In Italy Napoleon attempted to gain complete control over the sources of law by creating a single, authoritative body of laws enacted by the centralized state. The Italian translation of the French Civil Code of 1806 was imposed as law in all of Italy except for the Papacy.
12. The five French codes (civil code, criminal code, commercial code, civil code and criminal procedure code) survived Napoleon’s defeat. In Italy alike in France, despite the return of conservatory régimes, the ideology of the French Revolution was not swept away and much of Napoleon’s administrative legislation was maintained by the restored monarchies, except for Lombardy and Venetia which were reorganized under the Austrian civil code of 1811. Several states adopted codes based on the French model, notably Naples (1819), Parma (1820) and Tuscany (1853). The Kingdom of Piedmont, who was to carry out the unification process, adopted, between 1837 and 1854, codes being virtually identical to the Napoleons codes. After unification, they became the codes of the new Italian nation and were progressively extended to all conquered territories.
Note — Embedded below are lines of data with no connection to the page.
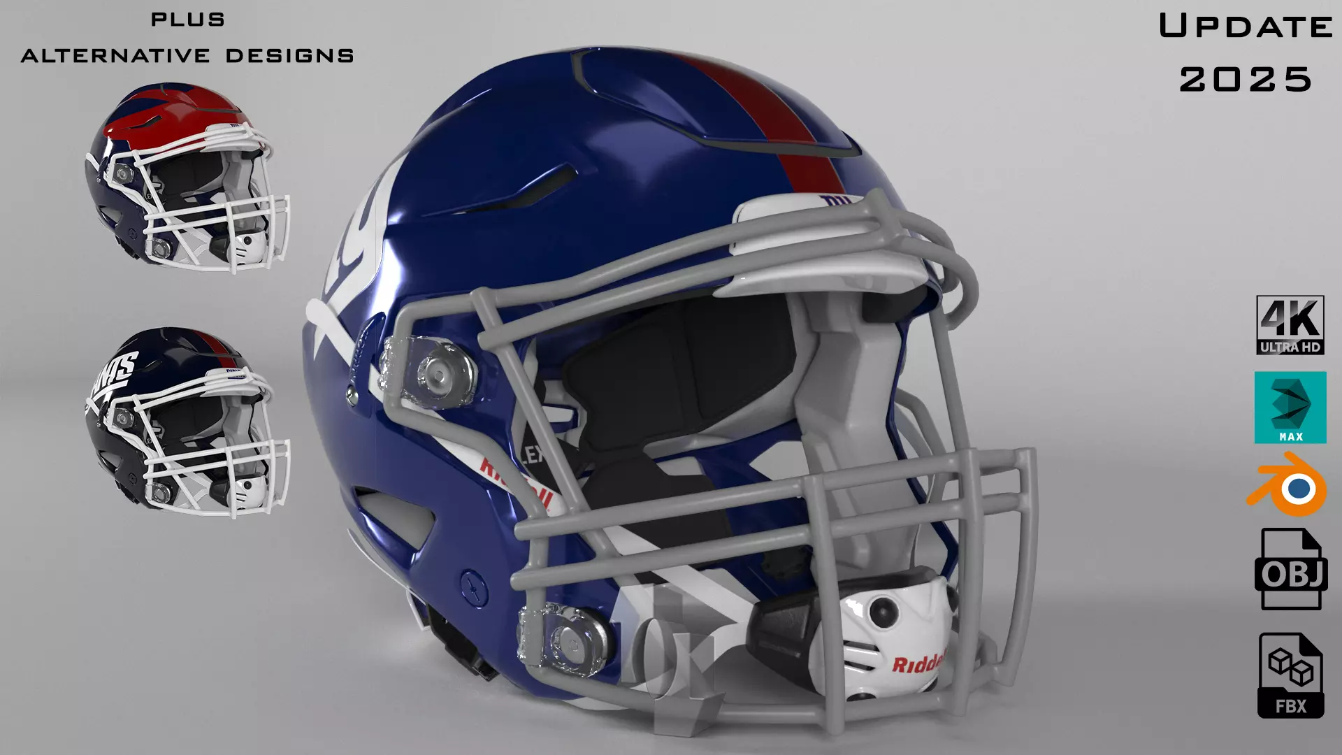 The package includes an updated version for 2025 designs, along with alternative helmet designsRenders are included in 4k size without background.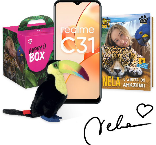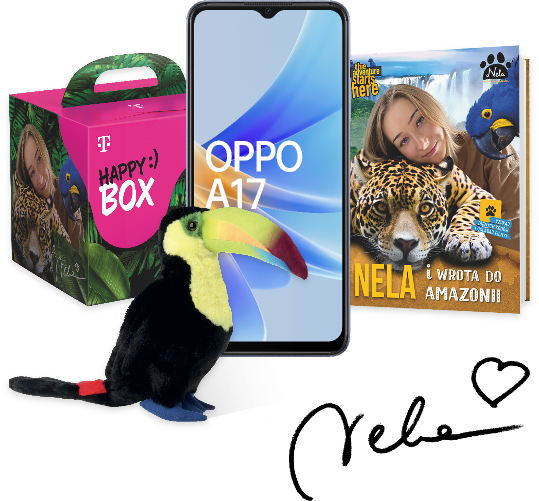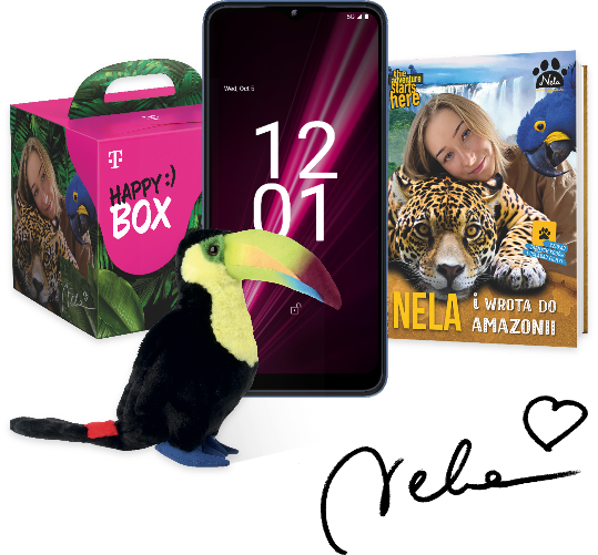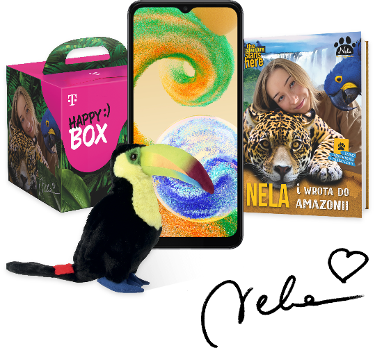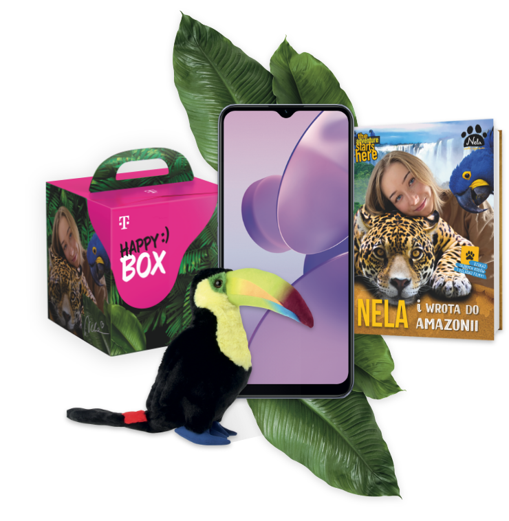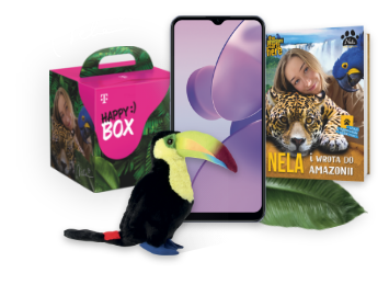 Wyjątkowy zestawy Happy BOX, w którym dzieci znajdą najnowszy smartfon, książkę Neli Małej Reporterki o fascynującej Amazonii i maskotkę tukana.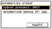 ![]() Ak sa zobrazí voľba <Zap.>, klepnite na možnosť <Automaticky získať> a nastavte voľby <Vybrať protokol> a <Automatická adresa IP> na <Vyp.>.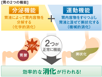 胃は「分泌」と「運動」の2つの機能によって食べ物を消化していますが、これらの機能調節には自律神経が関係しています。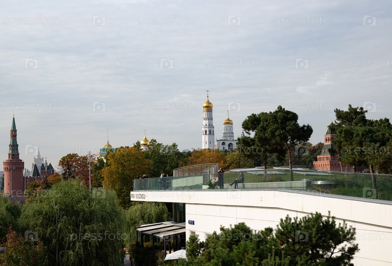 Прекрасный вид на кремлевские башни в парке Зарядье в Москве летом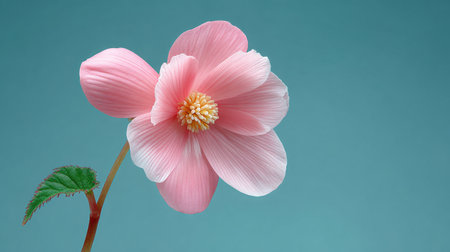 Pink begonia plant with delicate flowers blooming in a stylish blue ceramic pot, adding a touch of elegance to a teal backdrop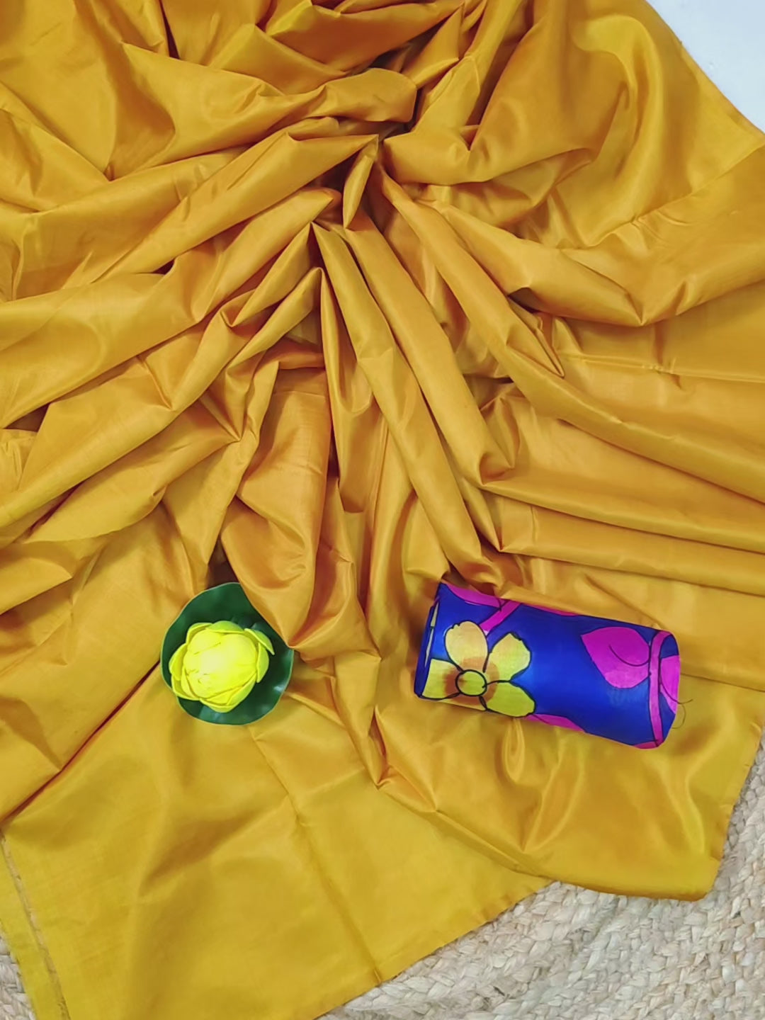 - Hand-done weaving work to make this mustard yellow color thaan saree elegant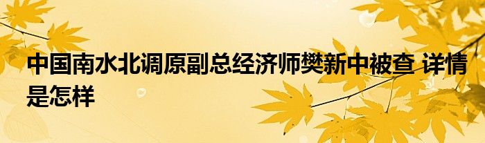 【中国南水北调原副总经济师樊新中被查】大家可以一起来了解一下这是什么情况!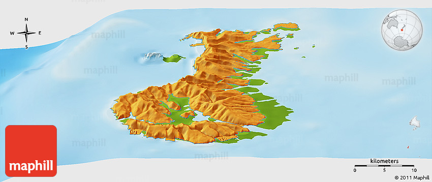Physical map illustrates the mountains, lowlands, oceans, lakes and rivers and other physical landscape features of Auckland islands. Differences in land elevations relative to the sea level are represented by color.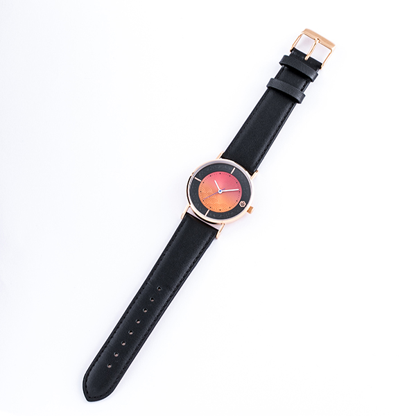 鮮やかなグラデーションの文字盤が目を引くデザイン。羽織りをモチーフにしたインデックスのフォルムや、縁にデザインされた模様がポイント。ブラックベースで幅広いカラーのコーデと合わせられるアイテムとなっている。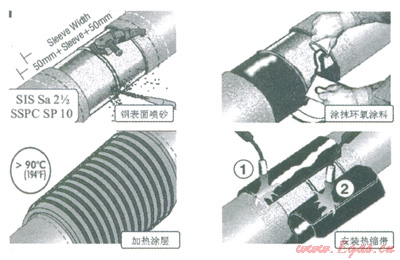 海管鋪設需要使用鋪管船等大型設備,費用非常高。為了控制施工成本必須盡可能縮短節(jié)點防腐的施工時間。熱縮帶的施工非常方便,是目前使用最廣泛的海管節(jié)點防腐材料。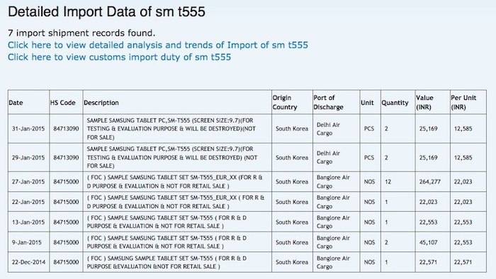 Le célèbre site indien d’importation Zauba vient d’afficher ce qui semble être de nouveaux échantillons de tablettes, décrites sous forme de tablettes Samsung SM-T555 avec un écran de 9,7 pouces. Outre les informations sur le site d’import, les gens de chez SamMobile ont récemment rapporté qu’une tablette, ou une famille de tablettes de la nouvelle gamme Galaxy Tab 5 avec ce même numéro de modèle et taille d’écran pourraient être sur le point de voir le jour.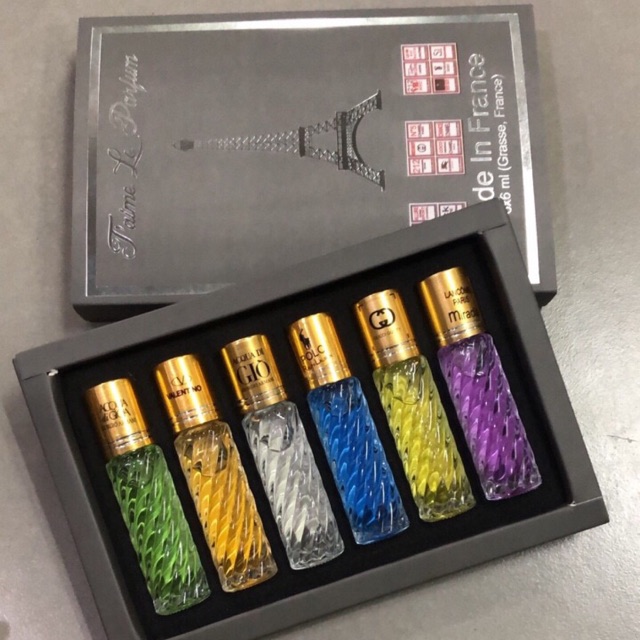 Giá sỉ mới : 37k Từ 12 đến 50 hộp : 35k Hộp 6 chai nước hoa mẫu thử Nhiều thương hiệu nổi tiếng của Pháp ...hương thơm nồng nàn, quyến rũ -Sở hữu bộ 6 chai nước hoa dạng xịt là bạn đã sở hữu bí quyết đơn giản để mình trở nên lôi cuốn, quyến rũ và gợi cảm mọi lúc, mọi nơi -Hương thơm nhẹ nhàng -Thành phần 100% thiên nhiên; màu sắc có thể thay đổi theo set -Phong cách quyến rũ; gợi cảm Hương liệu Nhập khẩu 100% - Thiết kế chai đựng bắt mắt, được gói trong hộp sang trọng. - Phù hợp với tất cả mọi người, đặc biệt thích hợp cho các bạn muốn sử dụng và thay đổi nhiều mùi hương ưa thích. - Sử dụng nước hoa mẫu thử giúp bạn cảm nhận rõ hơn từng lớp mùi hương trong thời gian dài và có thể có được lựa chọn chính xác mùi hương ưa thích cho mình. - Thiết kế nhỏ gọn, bạn có thể bỏ vào ví, túi xách, mang đi lại thuận tiện hơn rất nhiều. - Mùi hương được giữ thơm lâu trong nhiều giờ liền. - Thích hợp để làm quà tặng cho bạn bè, người thân - Hộp: 6 chai ( 1 chai 6ml) Hộp 6 chai nước hoa mẫu thử 6ml chai dạng xịt -L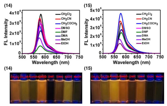 Fluorescence spectra of metallocycles 14 and 15 in different solvents (λex = 556 nm, c = 1.00 μM). Photographs of 14 and 15 under UV lamp at 365 nm in different solvents. Adapted from [14].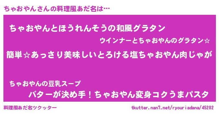 | ヒーロー風カッコイイあだ名 | 『ネオチャオヤン』『暗黒騎士チャ』 |

13. Early Eighteenth Century French legal tradition influenced Italian jurists and statutory law was worshipped as the only true source of legal regulation for a good thirty years, and the role of judges was limited to merely applying the law as granted by the State, not to construe it. Subsequently, Italian scholars were influenced by the Pandectists, whose theories on law organized a system based on elaborate legal definitions, dogmas and general concepts which contributed to the formation of the German Civil Code of 1900. This school of thought, as well as positivism, influenced the draft of the 1942 Italian Civil Code.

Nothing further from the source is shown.